'''
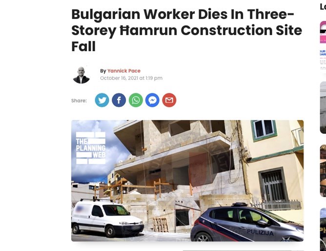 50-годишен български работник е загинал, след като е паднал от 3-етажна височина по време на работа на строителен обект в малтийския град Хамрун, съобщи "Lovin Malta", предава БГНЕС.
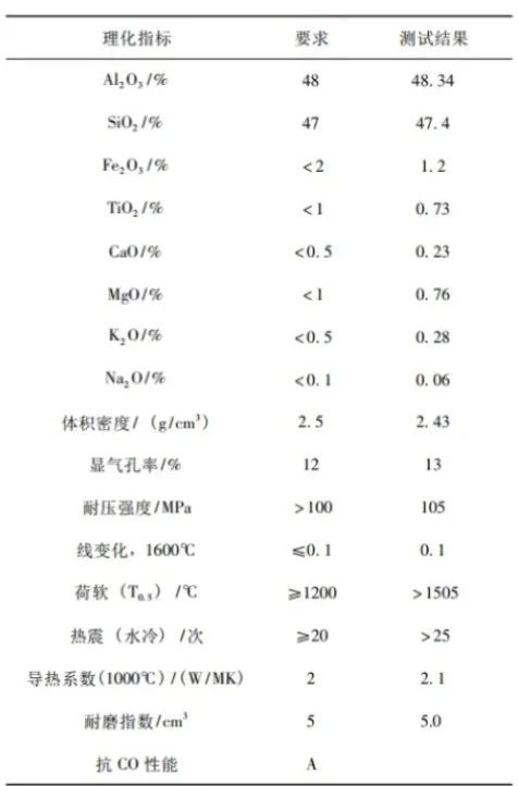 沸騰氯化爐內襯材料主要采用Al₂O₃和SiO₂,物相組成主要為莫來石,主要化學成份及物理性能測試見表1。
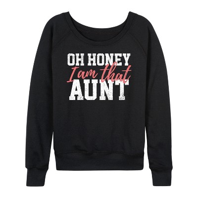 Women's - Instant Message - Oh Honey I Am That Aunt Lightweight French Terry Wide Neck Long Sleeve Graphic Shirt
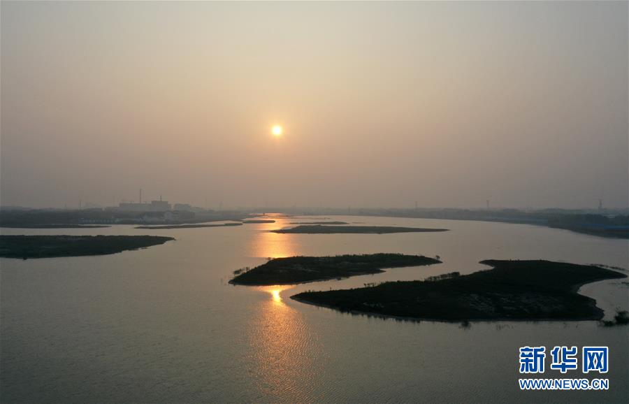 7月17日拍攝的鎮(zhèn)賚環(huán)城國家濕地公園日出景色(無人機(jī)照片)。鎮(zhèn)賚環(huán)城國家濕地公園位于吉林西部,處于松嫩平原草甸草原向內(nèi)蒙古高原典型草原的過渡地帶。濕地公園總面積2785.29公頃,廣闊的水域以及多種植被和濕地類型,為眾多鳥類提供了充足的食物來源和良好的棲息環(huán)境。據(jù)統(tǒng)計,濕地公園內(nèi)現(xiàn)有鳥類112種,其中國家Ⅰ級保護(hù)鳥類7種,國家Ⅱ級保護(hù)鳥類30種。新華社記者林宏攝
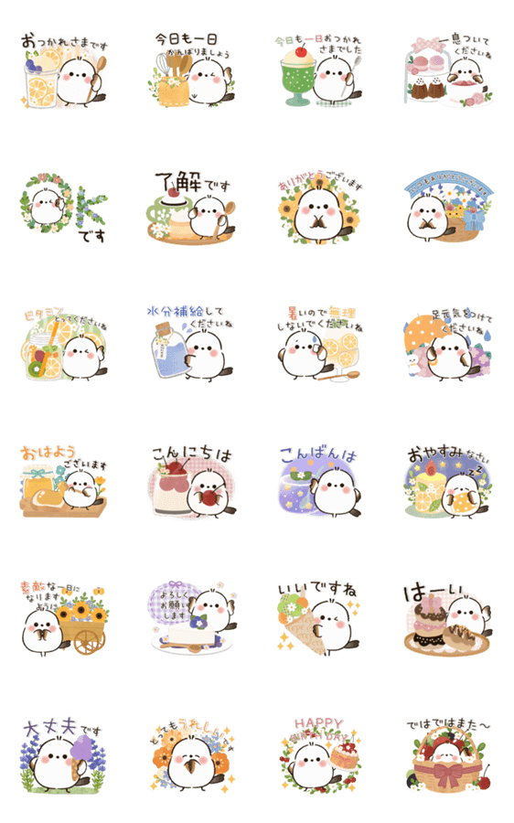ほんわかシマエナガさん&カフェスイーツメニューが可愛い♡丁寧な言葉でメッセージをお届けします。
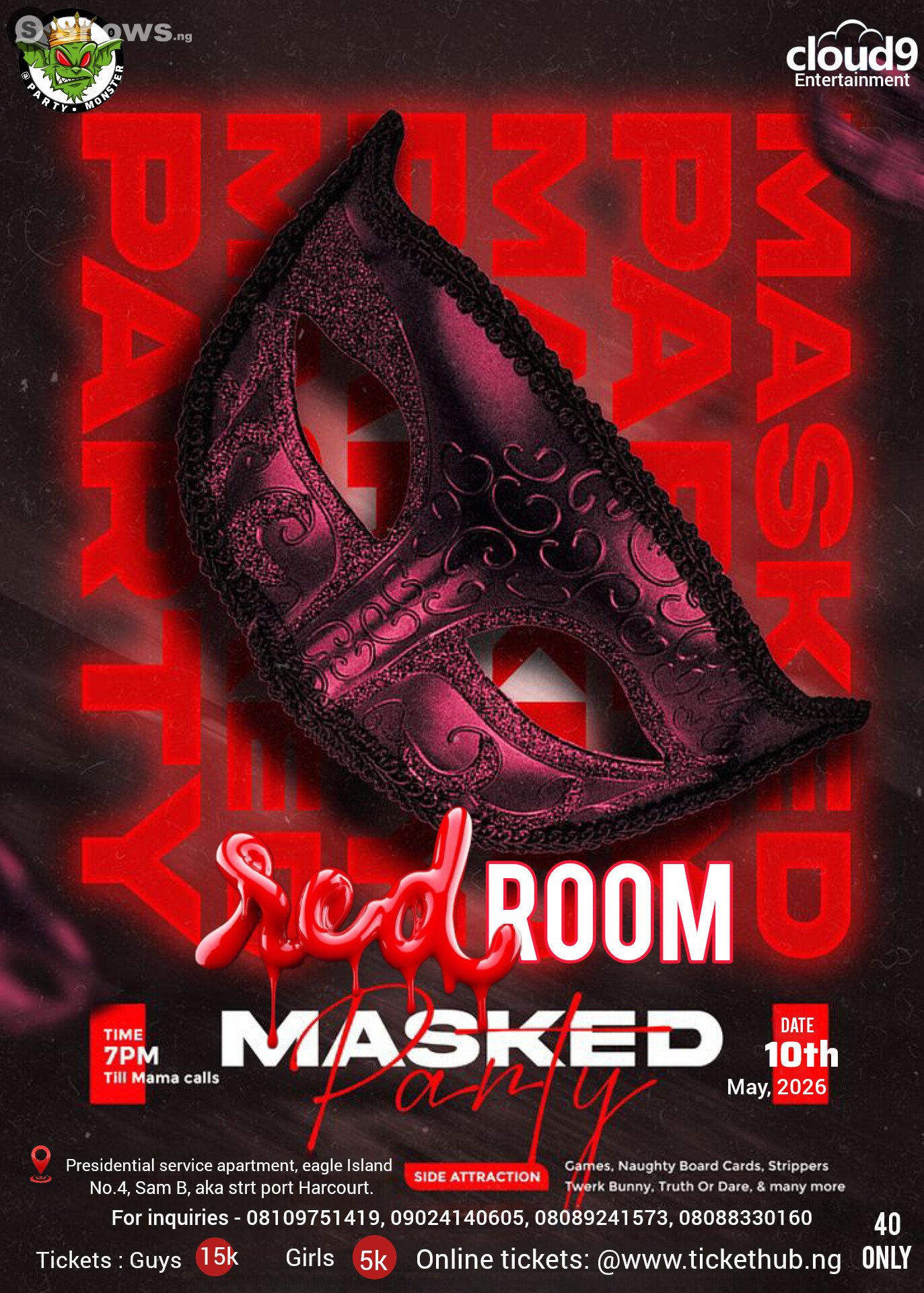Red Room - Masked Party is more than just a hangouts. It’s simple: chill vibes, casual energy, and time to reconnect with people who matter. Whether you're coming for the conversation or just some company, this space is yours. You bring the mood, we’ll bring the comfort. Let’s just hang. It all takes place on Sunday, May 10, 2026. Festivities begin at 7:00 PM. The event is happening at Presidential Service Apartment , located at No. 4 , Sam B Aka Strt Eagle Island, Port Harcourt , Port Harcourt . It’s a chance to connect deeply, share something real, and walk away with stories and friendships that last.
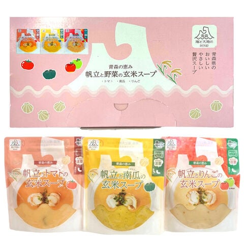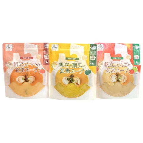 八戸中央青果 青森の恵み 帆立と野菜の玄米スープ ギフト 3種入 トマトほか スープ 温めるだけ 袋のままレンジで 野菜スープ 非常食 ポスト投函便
'''
• The task: Copy exactly, and only, the lines from the line containing "Red Room - Masked" through the final line of the material above, with no pictures.

• Finished task:
Red Room - Masked Party is more than just a hangouts. It’s simple: chill vibes, casual energy, and time to reconnect with people who matter. Whether you're coming for the conversation or just some company, this space is yours. You bring the mood, we’ll bring the comfort. Let’s just hang. It all takes place on Sunday, May 10, 2026. Festivities begin at 7:00 PM. The event is happening at Presidential Service Apartment , located at No. 4 , Sam B Aka Strt Eagle Island, Port Harcourt , Port Harcourt . It’s a chance to connect deeply, share something real, and walk away with stories and friendships that last.
 八戸中央青果 青森の恵み 帆立と野菜の玄米スープ ギフト 3種入 トマトほか スープ 温めるだけ 袋のままレンジで 野菜スープ 非常食 ポスト投函便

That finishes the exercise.